Maybe he was. Anyway, it worked. It was the next morning, about ten oclock; Uncle Gavin and I were just leaving the office to drive up to Wyott’s Crossing where they were having some kind of a squabble over a drainage tax suit, when Mr Hampton came in. He was kind of blowing through his teeth, light and easy like he was whistling except that he wasn’t making any noise and even less than that of tune. “Morning,” he said. “Yesterday morning when we were in that studio and I was hunting through them bottles on that shelf for alcohol or something that would burn.”
“All right,” Uncle Gavin said.
“How many of them bottles and jugs did I draw the cork or unscrew the cap and smell? You were there. You were watching.”
“I thought all of them,” Uncle Gavin said. “Why?”

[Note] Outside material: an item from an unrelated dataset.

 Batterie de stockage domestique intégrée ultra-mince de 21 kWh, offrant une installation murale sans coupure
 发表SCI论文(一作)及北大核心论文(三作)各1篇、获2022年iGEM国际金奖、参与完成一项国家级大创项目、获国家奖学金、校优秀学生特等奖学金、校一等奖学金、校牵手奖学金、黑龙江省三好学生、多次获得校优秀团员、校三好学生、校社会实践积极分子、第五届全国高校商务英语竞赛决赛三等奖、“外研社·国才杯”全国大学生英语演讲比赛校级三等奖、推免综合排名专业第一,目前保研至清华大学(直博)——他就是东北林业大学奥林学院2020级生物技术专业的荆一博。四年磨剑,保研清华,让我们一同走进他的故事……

“So did I,” Mr Hampton said. “I could be wrong.” He looked at Uncle Gavin with his hard
little eyes, making that soundless whistling between his teeth.

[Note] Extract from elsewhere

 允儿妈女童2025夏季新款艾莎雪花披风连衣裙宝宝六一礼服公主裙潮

“You’ve prepared us,” Uncle Gavin said. “Got us into the right state of nervous excitement. Now tell us.”
“About six this morning, Jack Crenshaw telephoned me.” (Mr Crenshaw was the Revenue field agent that did the moonshine still hunting in our district.) “He told me to come on to that studio as soon as I could. They were already inside, two of them. They had already searched it. Two of them gallon jugs on that shelf that I opened and smelled yesterday that never had nothing but Kodak developer in them, had raw corn whiskey in them this morning, though like I said I could have been wrong and missed them. Not to mention five gallons more of it in a oil can setting behind the heater, that I hadn’t got around to smelling yesterday when you stopped me for the reason that I never seen it there when I looked behind the heater yesterday or I wouldn’t been smelling at the bottles on that shelf for something to burn paper with. Though, as you say, I could be wrong.”

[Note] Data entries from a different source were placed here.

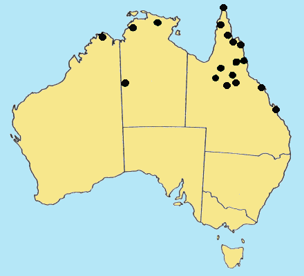 scattered occurrences in the Kimberley, W.A. and N.T. Also in the Philippines,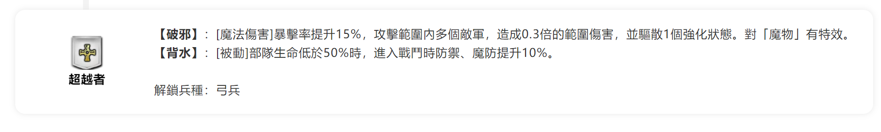 一個合格的坦克要會復活、有超絕、會魔法物理護衛、指揮光環、減傷天賦
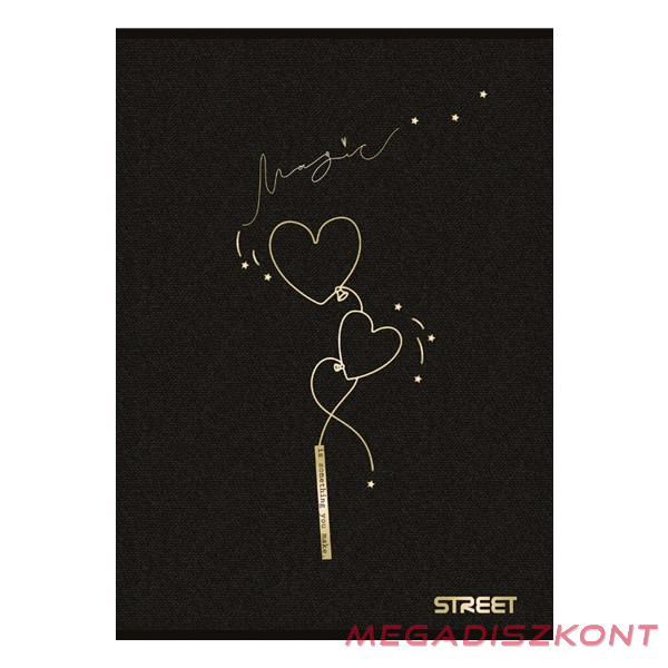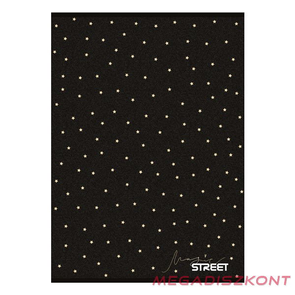 Fekete matt alapon fényes arany mintás, karton borítású, A/5 méretű, 54 lapos, vonalas füzet.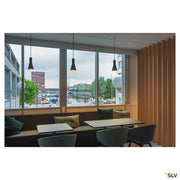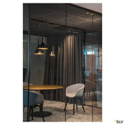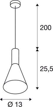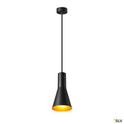 The conical shaped PHELIA high-voltage pendant offers an abundance of variations. The black and gold luminaire features a round ceiling plate. With its built-in E27 socket, the luminaire is suitable for both LED lamps and energy-saving lamps. The luminaire has a pendant length of 200 cm.

“As you say,” Uncle Gavin said.
“You may be right,” Mr Hampton said. “After all, I’ve been having to snuff out moonshine whiskey in this county ever since I first got elected. And since 1919, I have been so in practice that now I dont even need to smell: I just kind of feel it the moment I get where some of it aint supposed to be. Not to mention that five-gallon coal oil can full of it setting where you would have thought I would have fell over it reaching my hand to that shelf.”
“All right,” Uncle Gavin said. “Go on.”